* **ASSIGNMENT**:
Below are some records. Write out exactly their lines from the one with "首先会判断是否是ACTION" through the one with "kostka a návod |", and leave the pictures behind.

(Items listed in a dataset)
--- --- ---

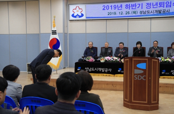 성남도시개발공사(사장 윤정수, 이하 공사)는 26일 11시 성남탄천종합운동장 체육회관 1층 이벤트 홀에서‘2019년 하반기 정년퇴임식’을 가졌다.
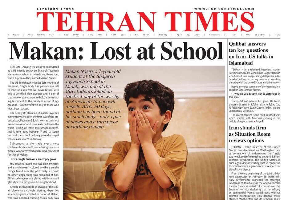 TEHRAN, Apr. 19 (MNA) – Here are the front pages of Iran’s English dailies on Monday, April 20.
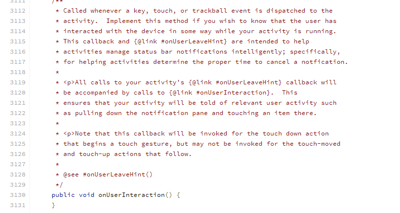 首先会判断是否是ACTION_DOWN,然后调用 onUserInteraction();从源码中了解到,其实此方法内存是空方法。主要是用来实现屏保功能,详情可以看英文注释。
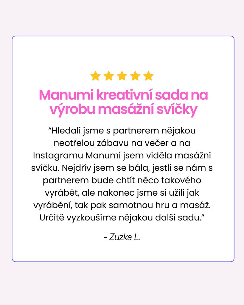 | Doplňující info | Obsah balení: sójový vosk na masážní svíčky, knot do svíčky, centrovací držák knotu, nádoba na svíčku s víčkem, vonná esence levandule, bílý akrylový fix, dřevěná kostka a návod |
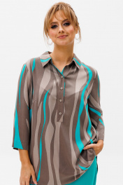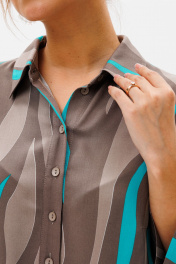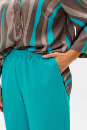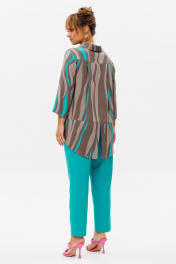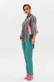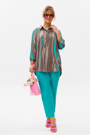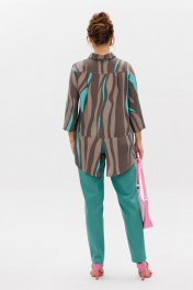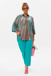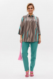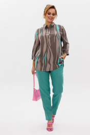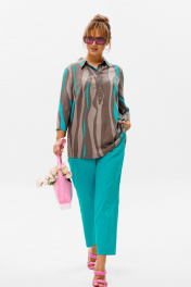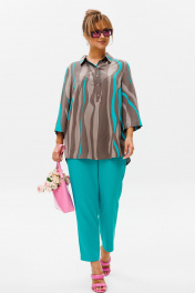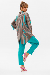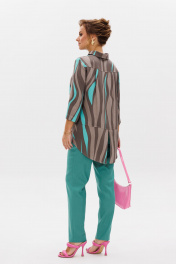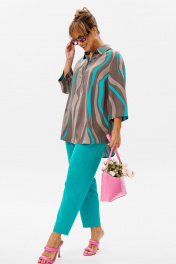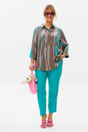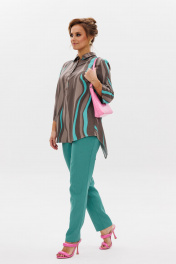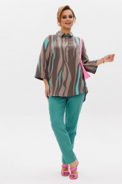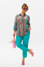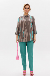 Стильный женский комплект состоит из блузы и брюк. Блуза свободного силуэта, выполненная из легкой струящейся ткани (не тянется) с модным принтом. По переду центральная застежка на петли-пуговицы. По спинке отрезная кокетка, от которой заложена складка для свободы движения. В нижней части спинки горизонтальный подрез с разрезом по середине. Низ блузы фигурной формы. Горловина оформлена рубашечным воротником со стойкой. Рукав втачной, одношовный, длиной ¾. Длина блузы по среднему шву спинки – р46,48,50 – 78, р52,54,56 – 80, р58,60,62 – 82 Длина рукава – р46,48,50 – 45, р52,54,56 – 45, р58,60,62 - 46 Ширина рукава на уровне глубины проймы ½ - р46 – 19, р48 – 19,5, р50 – 20, р52-20,5, р54-21, р56-21,5, р58-22,5, р60-23, р62-23,5 Ширина рукава внизу ½ -р46-18, р48 – 18,5, р50 – 19, р52-19,5, р54-20, р56-20,5, р58-21,5, р60-22, р62-22,5 ОГ ½ - р46 – 57, р48 – 59, р50-61, р52-63, р54-65, р56-67, р58-69, р60-71, р62-73 ОТ ½ - р46-58, р48-60, р50-62, р52-64, р54-66, р56-68, р58-70, р60-72, р62-74 ОБ ½ - р46-59, р48-61, р50-63, р52-65, р54-67, р56-69, р58-71, р60-73, р62-75 Брюки свободного прямого кроя с высокой посадкой, в боковых швах наклонные карманы. Верхний срез оформлен поясом с эластичной резинкой. Длина брюк по боковому шву во всех р-ах – 109 Длина брюк по внутреннему шву во всех р-ах -80 Ширина брюк внизу ½ - р46-16, р48-17, р50-18, р52-19, р54-20, р56-21, р58-22,5, р60-23, р62-23,5 ОТ ½ с раст резинкой (макс) –р46-47, р48-49, р50-51, р52-53, р54-55, р56-57, р58-59, р60-61, р62-63 ОБ ½ - р46-54, р48-56, р50-58, р52-60, р54-62, р56-64, р58-66, р60-68, р62-70 Высота посадки брюк спереди – р46,48,50 – 31,5, р52,54,56 – 32,5, р58,60,62 – 33,5 Высота посадки брюк сзади – р46,48,50 – 47, р52,54,56 –48, р58,60,62 - 49
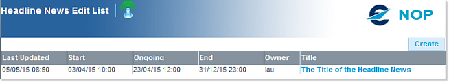 This opens the Headline News Edit List window - and see that the item indeed appears in the provided table:
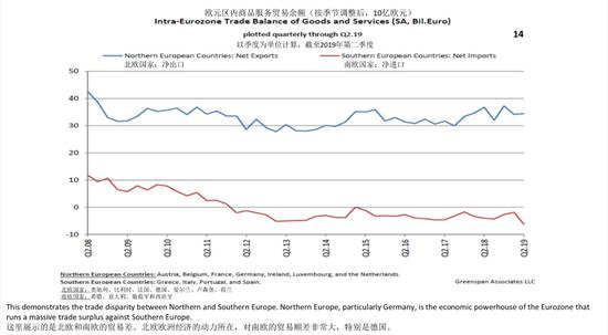 再看一下十四张图表,具体分析一下欧元区商品贸易额商品之间的关系,这是展示的是北欧和南欧之间的贸易差。北欧地区仍然是欧洲的经济动力所在,对南欧贸易顺差是非常大的,特别是德国。
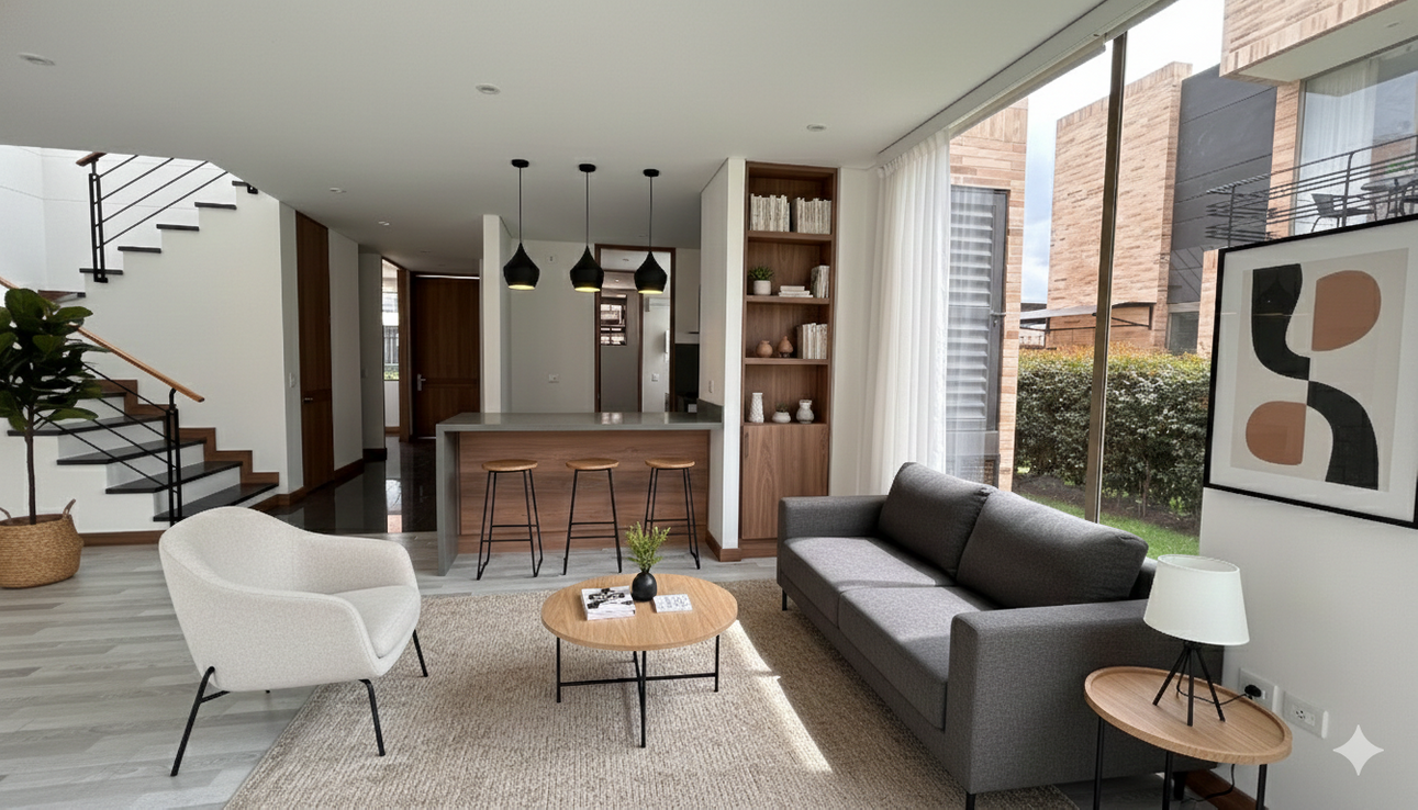 La casa en Cajicá es perfecta para disfrutar de un entorno tranquilo y seguro en un conjunto cerrado. Al entrar, la cocina abierta con barra estilo americano te invita a compartir momentos especiales. La sala se extiende hacia la terraza, ideal para disfrutar de la vista panorámica y las áreas verdes. Este hogar tiene tres habitaciones, cada una ofreciendo espacio y comodidad. También cuenta con un estudio y un cuarto de servicio, lo que brinda opciones adicionales para el uso personal.

--- --- ---

* **EXERCISE RESPONSE**:
 首先会判断是否是ACTION_DOWN,然后调用 onUserInteraction();从源码中了解到,其实此方法内存是空方法。主要是用来实现屏保功能,详情可以看英文注释。
 | Doplňující info | Obsah balení: sójový vosk na masážní svíčky, knot do svíčky, centrovací držák knotu, nádoba na svíčku s víčkem, vonná esence levandule, bílý akrylový fix, dřevěná kostka a návod |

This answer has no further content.